WORK INSTRUCTIONS:
Beneath this line are entries. Copy the range from the line with "Water Sports and Elephant Ride Tour is" to the line with "- アベイル『サンリオ』コラボ!メンズ パーカー 2022年9月23日(金・祝)", ends included, exactly; leave pictures out.

AVAILABLE DATA:
--- START ---

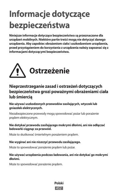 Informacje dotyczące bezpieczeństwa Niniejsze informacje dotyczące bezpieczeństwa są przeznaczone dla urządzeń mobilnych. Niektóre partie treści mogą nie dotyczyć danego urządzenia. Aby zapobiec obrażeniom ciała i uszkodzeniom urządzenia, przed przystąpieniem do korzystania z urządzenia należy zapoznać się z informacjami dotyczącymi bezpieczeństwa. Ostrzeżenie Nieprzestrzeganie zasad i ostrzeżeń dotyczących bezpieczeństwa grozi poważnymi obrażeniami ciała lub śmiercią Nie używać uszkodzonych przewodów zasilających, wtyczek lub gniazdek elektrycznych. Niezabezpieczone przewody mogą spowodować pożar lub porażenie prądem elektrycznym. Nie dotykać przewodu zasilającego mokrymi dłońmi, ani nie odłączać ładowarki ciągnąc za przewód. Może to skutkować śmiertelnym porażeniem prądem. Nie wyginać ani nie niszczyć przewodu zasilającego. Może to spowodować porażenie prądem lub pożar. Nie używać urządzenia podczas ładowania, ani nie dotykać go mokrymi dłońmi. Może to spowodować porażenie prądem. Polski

--- END ---
--- START ---

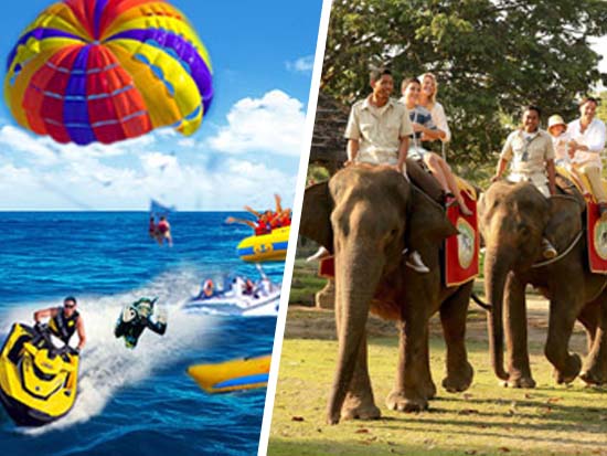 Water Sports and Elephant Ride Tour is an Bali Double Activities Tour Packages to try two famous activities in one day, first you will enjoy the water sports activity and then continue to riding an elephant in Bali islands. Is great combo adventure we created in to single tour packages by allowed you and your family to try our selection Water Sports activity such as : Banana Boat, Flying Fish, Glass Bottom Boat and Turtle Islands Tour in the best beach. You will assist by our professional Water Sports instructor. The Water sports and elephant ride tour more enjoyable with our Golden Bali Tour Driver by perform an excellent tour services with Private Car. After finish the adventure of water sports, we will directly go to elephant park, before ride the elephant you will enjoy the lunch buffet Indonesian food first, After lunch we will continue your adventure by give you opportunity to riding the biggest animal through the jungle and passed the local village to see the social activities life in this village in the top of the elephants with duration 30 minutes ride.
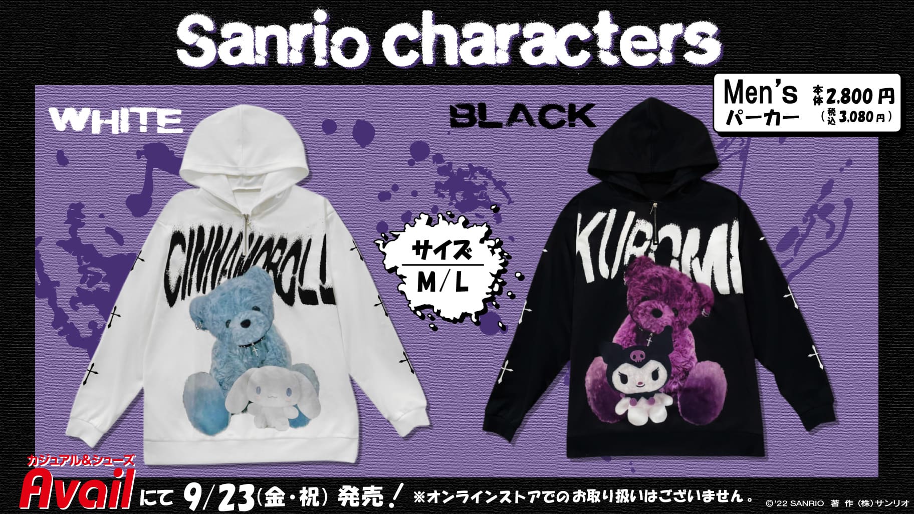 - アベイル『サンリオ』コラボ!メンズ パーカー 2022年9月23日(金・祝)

--- END ---

EXERCISE RESPONSE:
 Water Sports and Elephant Ride Tour is an Bali Double Activities Tour Packages to try two famous activities in one day, first you will enjoy the water sports activity and then continue to riding an elephant in Bali islands. Is great combo adventure we created in to single tour packages by allowed you and your family to try our selection Water Sports activity such as : Banana Boat, Flying Fish, Glass Bottom Boat and Turtle Islands Tour in the best beach. You will assist by our professional Water Sports instructor. The Water sports and elephant ride tour more enjoyable with our Golden Bali Tour Driver by perform an excellent tour services with Private Car. After finish the adventure of water sports, we will directly go to elephant park, before ride the elephant you will enjoy the lunch buffet Indonesian food first, After lunch we will continue your adventure by give you opportunity to riding the biggest animal through the jungle and passed the local village to see the social activities life in this village in the top of the elephants with duration 30 minutes ride.
 - アベイル『サンリオ』コラボ!メンズ パーカー 2022年9月23日(金・祝)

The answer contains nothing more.